:: Your assignment ::
For this exercise, write out the whole listing below exactly, omitting its images.

:: Collected material ::
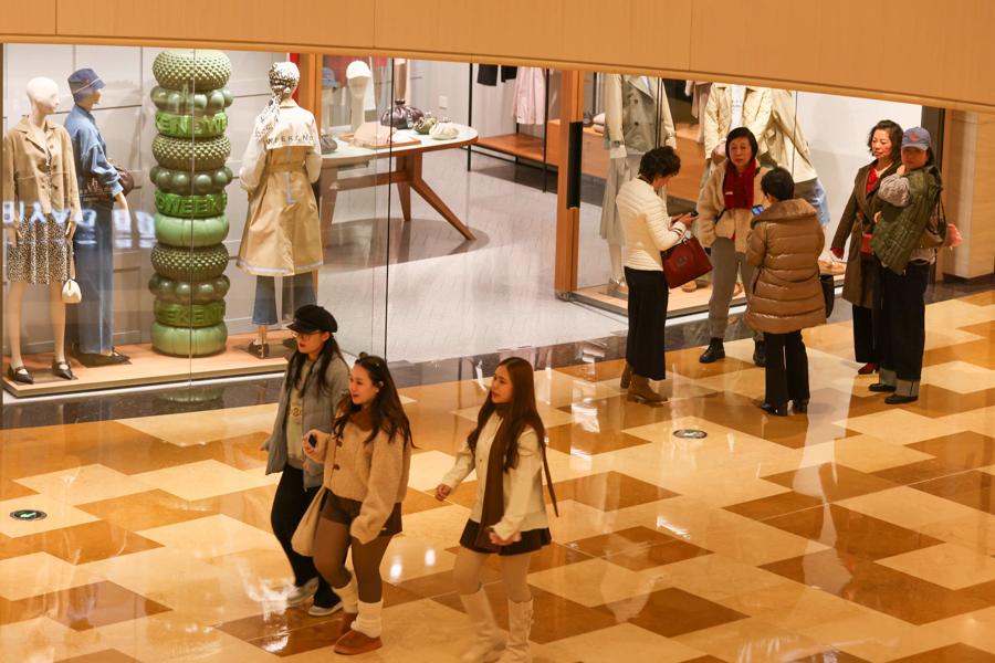 在靜安的一家商場裏,時尚麗人與都市女性路過
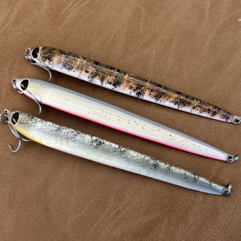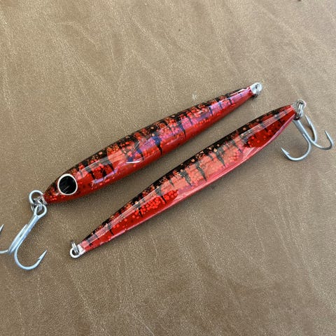 Kolme kappaletta Suomessa käsin valmistettuja kevennettyjä lusikkauistimia. Nämä vieheet on tehty uitettavaksi matalassa vedessä, jossa meritaimenet viihtyvät keväisin ja syksyisin. Perusuinti on eloisa, mutta epäsäännöllisellä kelauksella vieheet saa uimaan villisti poukkoillen, mitä taimenet eivät voi vastustaa. Pituus 110 mm ja paino noin 25 g. Nämä värit ovat omia suosikkejani etenkin tyrskytaimenen kalastamiseen syksyllä.
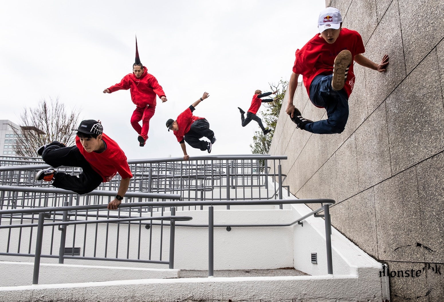まるで現代の忍者!!障害物を飛び越え、壁を駆け上がり、建物から建物へと飛び移る。ストリートでのトレーニングを通して身につけて身体能力を生かし、究極の移動追求し続けるパルクールアスリート集団。
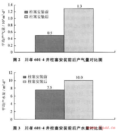 川孝601-4井施工前產氣0.5×104m3/d,產水7.5m3/d;施工后產氣1.3×104m3/d,產水10m3/d,增產天然氣0.8×104m3/d,排水采氣效果顯著。綜合采氣曲線可以看出:該井自安裝柱塞氣舉以來,油套壓差減小,產氣量顯著增加,排水采氣效果明顯。柱塞氣舉安裝前后產量對比如圖2、3所示,柱塞安裝前后綜合采氣曲線如圖4所示。

:: Response to this task ::
 在靜安的一家商場裏,時尚麗人與都市女性路過
 Kolme kappaletta Suomessa käsin valmistettuja kevennettyjä lusikkauistimia. Nämä vieheet on tehty uitettavaksi matalassa vedessä, jossa meritaimenet viihtyvät keväisin ja syksyisin. Perusuinti on eloisa, mutta epäsäännöllisellä kelauksella vieheet saa uimaan villisti poukkoillen, mitä taimenet eivät voi vastustaa. Pituus 110 mm ja paino noin 25 g. Nämä värit ovat omia suosikkejani etenkin tyrskytaimenen kalastamiseen syksyllä.
まるで現代の忍者!!障害物を飛び越え、壁を駆け上がり、建物から建物へと飛び移る。ストリートでのトレーニングを通して身につけて身体能力を生かし、究極の移動追求し続けるパルクールアスリート集団。
 川孝601-4井施工前產氣0.5×104m3/d,產水7.5m3/d;施工后產氣1.3×104m3/d,產水10m3/d,增產天然氣0.8×104m3/d,排水采氣效果顯著。綜合采氣曲線可以看出:該井自安裝柱塞氣舉以來,油套壓差減小,產氣量顯著增加,排水采氣效果明顯。柱塞氣舉安裝前后產量對比如圖2、3所示,柱塞安裝前后綜合采氣曲線如圖4所示。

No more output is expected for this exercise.